La esquina de la pasión enmascarada

La esquina de Dr Río de la Loza y Dr Lavista es testigo cada semana de cómo los hombres dejan de serlo para convertirse en ídolos que rompen con la barrera de la gravedad.
 La esquina de Dr Río de la Loza y Dr Lavista es testigo cada semana de cómo los hombres dejan de serlo para convertirse en ídolos que rompen con la barrera de la gravedad.

Arturo Muñoz | MEDIOTIEMPOArena México. 10 de Marzo de 2007

  • Un minuto de silencio en memoria de Black Shadow

La esquina de Dr Río de la Loza y Dr Lavista es testigo cada semana de cómo los hombres dejan de serlo para convertirse en ídolos que rompen con la barrera de la gravedad.

Los adultos dejan la estafeta a los nuevos aficionados, no se corea el nombre de Blue Demon o Santo, pero el grito de Místico, retumba en el gigante de hierro.

Pancartas, llaveros, playeras, capas, con el luchador de moda se venden como pan caliente. Las figuras de acción son pretendidas por diversos aficionados.

Los minutos transcurren, las máscaras que portan los ídolos, son ahora propiedad de los pequeños.

Aficionados con más de sesenta años, parecen con una inyección de vida, tras observar el imponente escenario.

La ansiedad recorre el cuerpo, el éxtasis llega cuando el anunciador llamado por algunos "mucha crema", toma el micrófono, se dirige al centro del encordado y comienza el ritual:

"Lucharán de dos a tres caídas sin límite de tiempo" es el grito de guerra, el tiempo se detiene, transcurre al ritmo de las llaves y las contrallaves, la respiración se contiene cuando los gladiadores vuelan por la tercera cuerda.

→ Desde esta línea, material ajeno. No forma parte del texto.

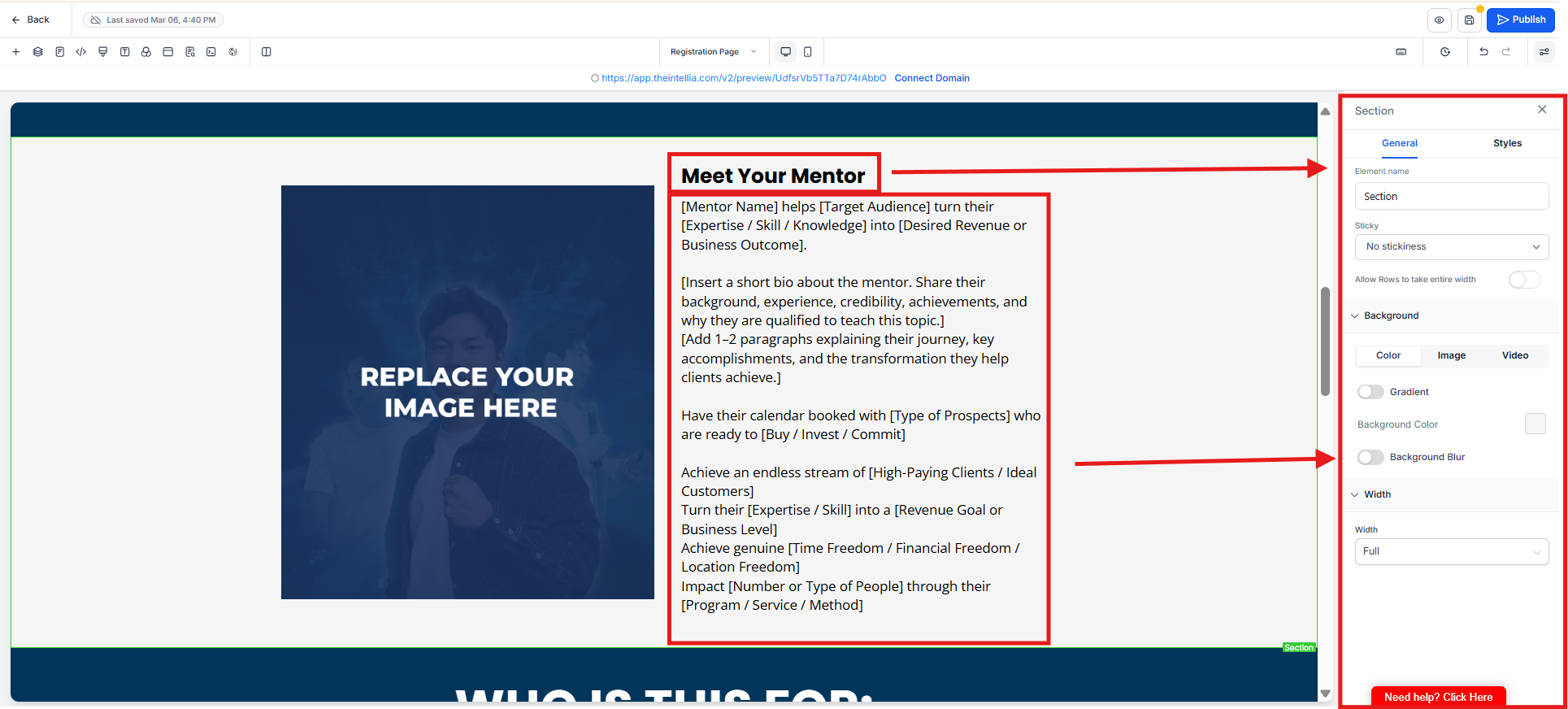 Edit the mentor section with the correct name, introduction, credentials, and short bio.

De un pasillo humeante, surgen los estetas. un estruendo alboroto lleno de gritos y abucheos, insultos e improperios son parte del folklor de este deporte. euforicos espectadores, son partícipes de esta interminable lucha entre el bien y el mal. El ring, mártir de las peleas, ese ser que encierra entre sus brazos elásticos, la vida y la muerte. salpicado por la sangre y el sudor de los titanes, es  mudo testigo de la pasión que sobre el se suscita.

Las luchas que mantendrás a los aficionados al filo de sus butacas, los segundos que serán eternos marcaran el destino de sus vidas. Electrizante y no apta para cardiacos, interminable como la agonía del ídolo y veloz como la cerveza que refresca los paladares ávidos de vevenganza.

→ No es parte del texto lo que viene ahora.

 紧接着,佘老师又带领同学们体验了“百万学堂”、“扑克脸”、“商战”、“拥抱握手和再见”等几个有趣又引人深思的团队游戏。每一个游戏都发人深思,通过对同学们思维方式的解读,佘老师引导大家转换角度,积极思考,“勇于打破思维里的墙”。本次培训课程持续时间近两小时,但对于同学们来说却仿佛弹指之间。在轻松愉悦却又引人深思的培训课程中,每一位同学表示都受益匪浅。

Sin embargo, entre rechiflas o aplausos, el luto está presente. Uno de los grandes perdió la lucha que el tiempo siempre ganar, Black Shadow, falleció por lo que la arena se le entrega con un minuto de aplausos que donde quiera que esté el "hombre de goma" seguro habrá escuchado.

Sea cual sea el resultado, los gladiadores dejaran la vida en el cuadrilatero, sus fieles seguidores apoyaran con sus brazos simulando el vuelo como lo hace Corleone o encenderan una nueva mecha para que explote la dinamita de Universo 2000.

Y es por eso, que no solo se juega la vida y el honor en estas cuatro esquinas, sino se deja el alma y el corazón  no de uno sino de miles que palpitan, al ritmo del 1…2…3…Fuera.[mt][foto: Cortesía CMLL]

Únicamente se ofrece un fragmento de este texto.